With the start of the Second World War the company had an increase in aircraft production and by April 1940 Fillingham was test flying 150 de Havilland Tiger Moth biplane trainers a month. By September 1942 he was the chief production test pilot flying new de Havilland Mosquito twin-engine light bombers. In 1943 he went to the de Havilland subsidiaries in Toronto and Sydney to advise them how to test fly the Mosquito, during his stay in Canada he demonstrated the Mosquito at a number of Canadian air bases and also to the United States Army Air Force. With production of the Mosquito in England increased to a five a day Fillingham flew a record 2,200 flights in the Mosquito.

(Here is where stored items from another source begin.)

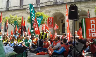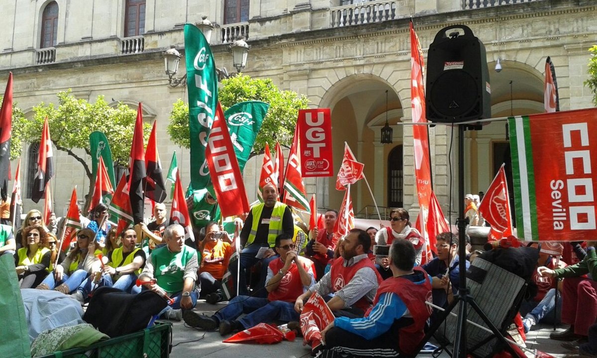 Las secciones de CCOO, UGT, CSIF, el Sindicato de Empleados Municipales (SEM) y el Sindicato Profesional de Policías Municipales de España (Sppme) en el Ayuntamiento de Sevilla han celebrado este viernes una "sentada" en la Plaza Nueva, para reclamar principalmente la cobertura de las más de 800 plazas vacantes en la plantilla municipal, el fin de las externalizaciones y que se fomente el empleo público en los servicios municipales.
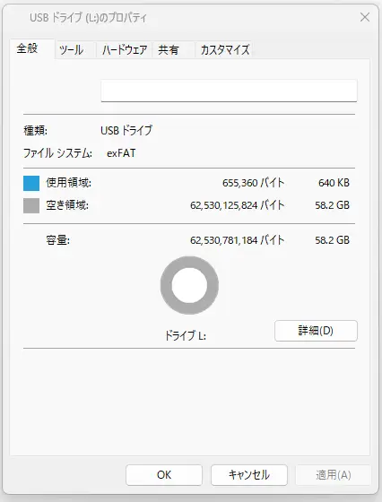 PCへSDカードの接続を行いました。Windows 上では64GBのSDカードとして認識しています。
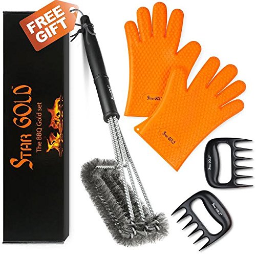 Buy BBQ Silicone Gloves / Cooking / Oven / Kitchen + Meat Claw / Shredder Get 18" BBQ Cleaning Brush - All in a gift Box. N.1 Smoker Accessories set

As well as the Mosquito he also flew the twin-engined De Havilland Hornet, at the time the fastest propeller aircraft in the world.

==Peacetime test pilot==
With the end of the war Fillingham still had plenty to do as de Havilland produced the Dove and Heron commercial transports. He flew the prototype de Havilland Canada Chipmunk in Canada in 1946. Military aircraft were still produced and as well as the Dove and Heron, Fillingham is also recorded as flying in the same month de Havilland Vampire jet fighters, de Havilland Canada Chipmunk trainers and Mosquitos.

As the company moved into the 1950s Fillingham test flew the four-engined de Havilland Comet airliner and then the three-engine de Havilland Trident airliner. In 1972 he delivered a Trident to China, the first western jet to be imported. By 1975 De Havilland had become Hawker Siddeley Aviation and Fillingham was Deputy Chief Test Pilot when he decided to retire. His last few flying years for Hawker Siddeley he flew the Hawker Siddeley HS.125 as well as display flying the then last flying Mosquito. Fillingham had 11,450 hours on 120 different aircraft types during his career. In 1970 he was awarded a Queen's Commendation for Valuable Service in the Air.

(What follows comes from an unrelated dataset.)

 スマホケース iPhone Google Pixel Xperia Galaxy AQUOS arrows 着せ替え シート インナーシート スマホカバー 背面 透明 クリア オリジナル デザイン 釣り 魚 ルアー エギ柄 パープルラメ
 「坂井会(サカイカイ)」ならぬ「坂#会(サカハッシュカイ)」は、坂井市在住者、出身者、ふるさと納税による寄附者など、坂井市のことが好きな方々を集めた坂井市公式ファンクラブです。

==Family life and leisure==
Fillingham had married Sonja Couper in 1952 and they had a daughter and a son. As well as his duties as a test pilot Fillingham also flew in air races winning the Goodyear Trophy in 1952 and the King's Cup in 1953 flying a de Havilland Canada Chipmunk. Fillingham owned a number of vintage motor cars and took part in three Monte Carlo Rallies. Fillingham died on 17 July 2003 aged 89.